→ **Provided information**:
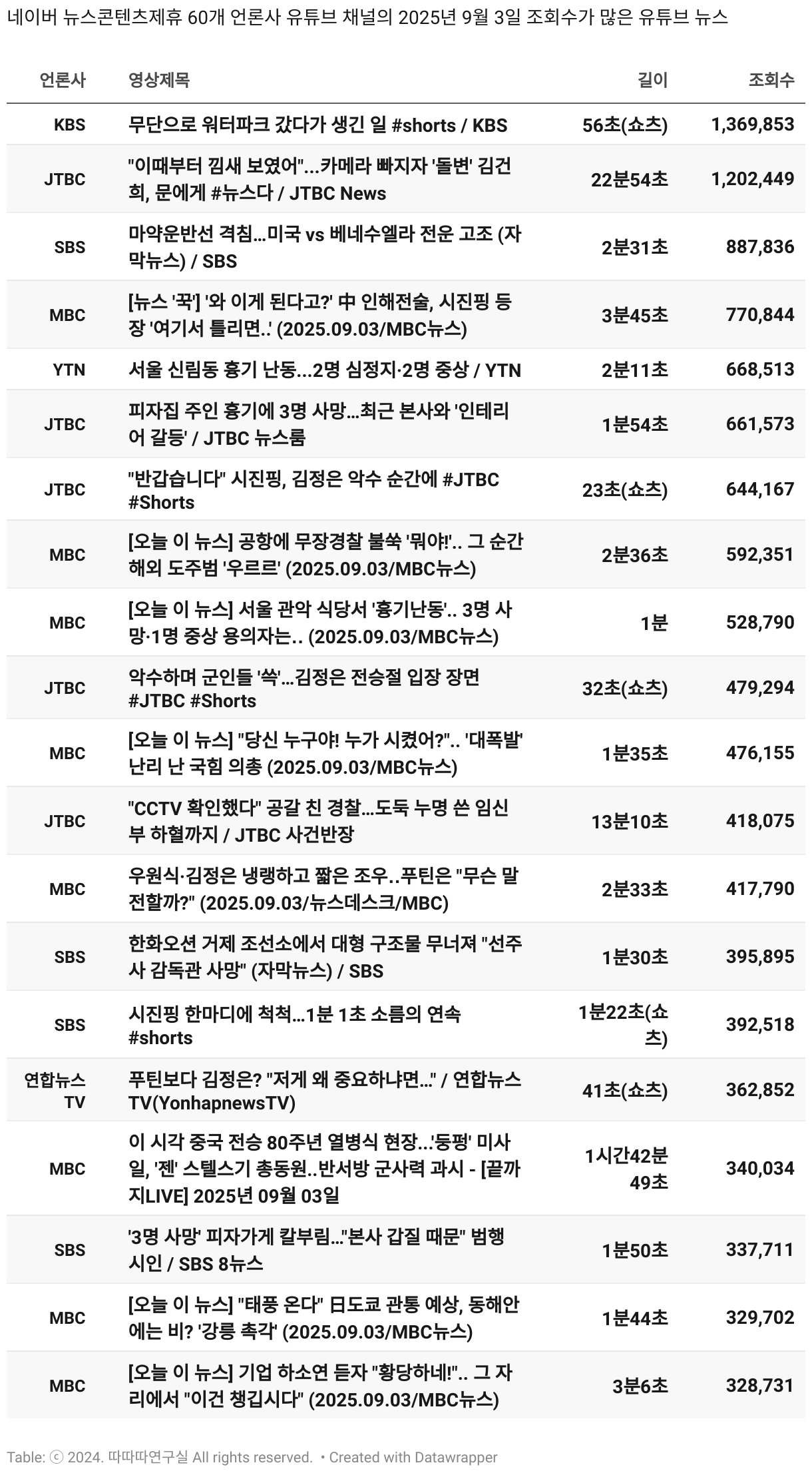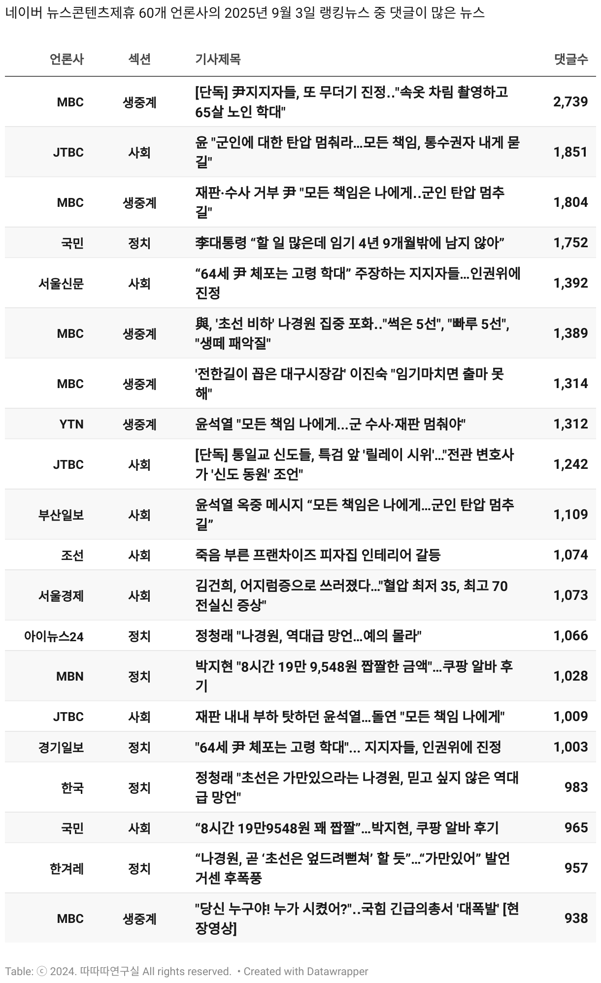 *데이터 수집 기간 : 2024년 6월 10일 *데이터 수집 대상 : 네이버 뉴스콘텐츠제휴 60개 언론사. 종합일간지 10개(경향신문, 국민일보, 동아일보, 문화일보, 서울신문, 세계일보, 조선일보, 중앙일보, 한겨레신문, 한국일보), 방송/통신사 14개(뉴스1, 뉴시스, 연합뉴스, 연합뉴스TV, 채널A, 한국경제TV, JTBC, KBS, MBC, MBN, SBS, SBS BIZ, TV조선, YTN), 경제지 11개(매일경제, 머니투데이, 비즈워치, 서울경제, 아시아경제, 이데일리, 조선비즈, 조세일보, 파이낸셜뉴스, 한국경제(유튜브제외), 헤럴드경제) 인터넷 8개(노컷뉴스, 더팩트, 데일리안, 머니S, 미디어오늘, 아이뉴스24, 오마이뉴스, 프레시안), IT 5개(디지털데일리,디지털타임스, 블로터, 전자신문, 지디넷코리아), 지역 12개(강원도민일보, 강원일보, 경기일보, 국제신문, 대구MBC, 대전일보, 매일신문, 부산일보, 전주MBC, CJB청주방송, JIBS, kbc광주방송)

* * *

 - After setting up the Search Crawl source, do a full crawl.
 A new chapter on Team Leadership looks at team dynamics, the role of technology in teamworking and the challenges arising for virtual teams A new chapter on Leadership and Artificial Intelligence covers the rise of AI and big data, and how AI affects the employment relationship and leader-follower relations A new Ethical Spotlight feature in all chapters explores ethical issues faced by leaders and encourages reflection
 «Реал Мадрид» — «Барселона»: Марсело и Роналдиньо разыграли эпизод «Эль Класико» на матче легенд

==

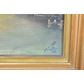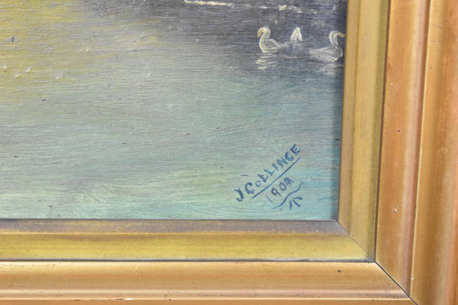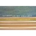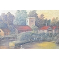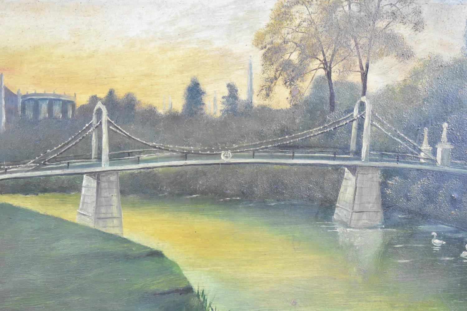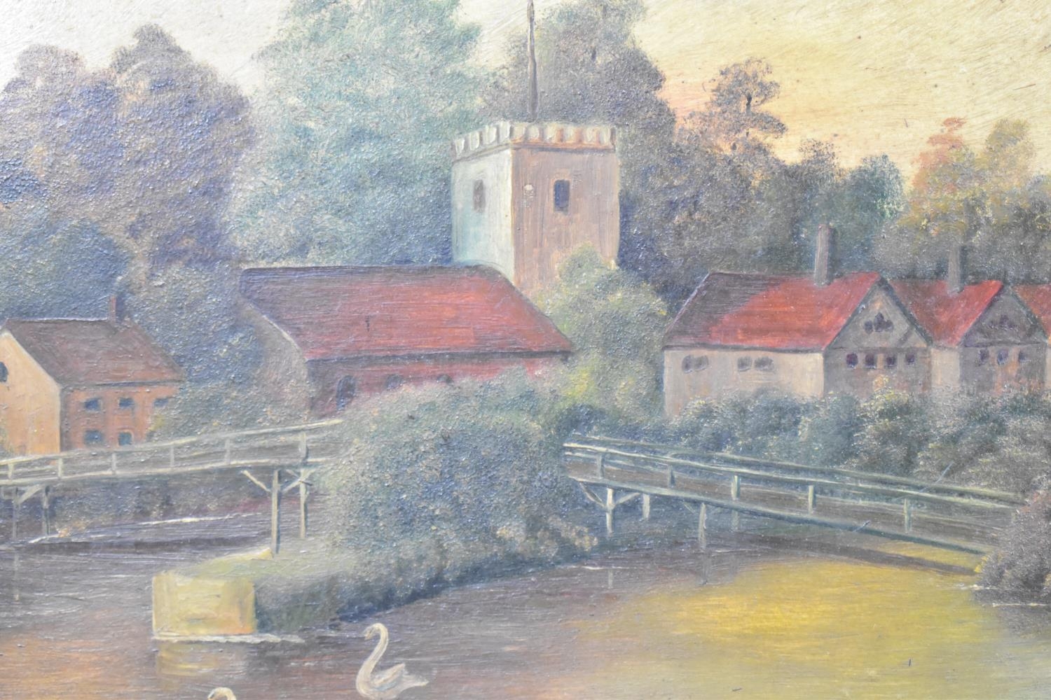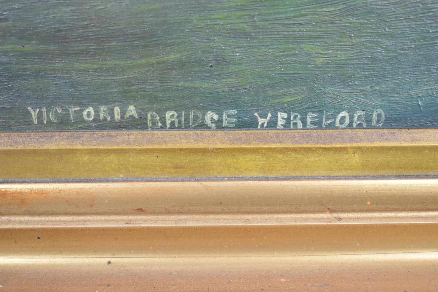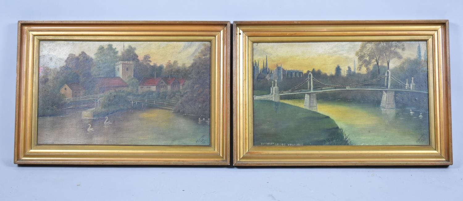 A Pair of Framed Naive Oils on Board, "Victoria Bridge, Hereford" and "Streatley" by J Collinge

→ **Work instruction**: Above are the records; from them, give again exactly the lines from the one containing "A new chapter on Team" to the one containing "на матче легенд", both lines included, and nothing more.

→ **Exercise solution**:
 A new chapter on Team Leadership looks at team dynamics, the role of technology in teamworking and the challenges arising for virtual teams A new chapter on Leadership and Artificial Intelligence covers the rise of AI and big data, and how AI affects the employment relationship and leader-follower relations A new Ethical Spotlight feature in all chapters explores ethical issues faced by leaders and encourages reflection
 «Реал Мадрид» — «Барселона»: Марсело и Роналдиньо разыграли эпизод «Эль Класико» на матче легенд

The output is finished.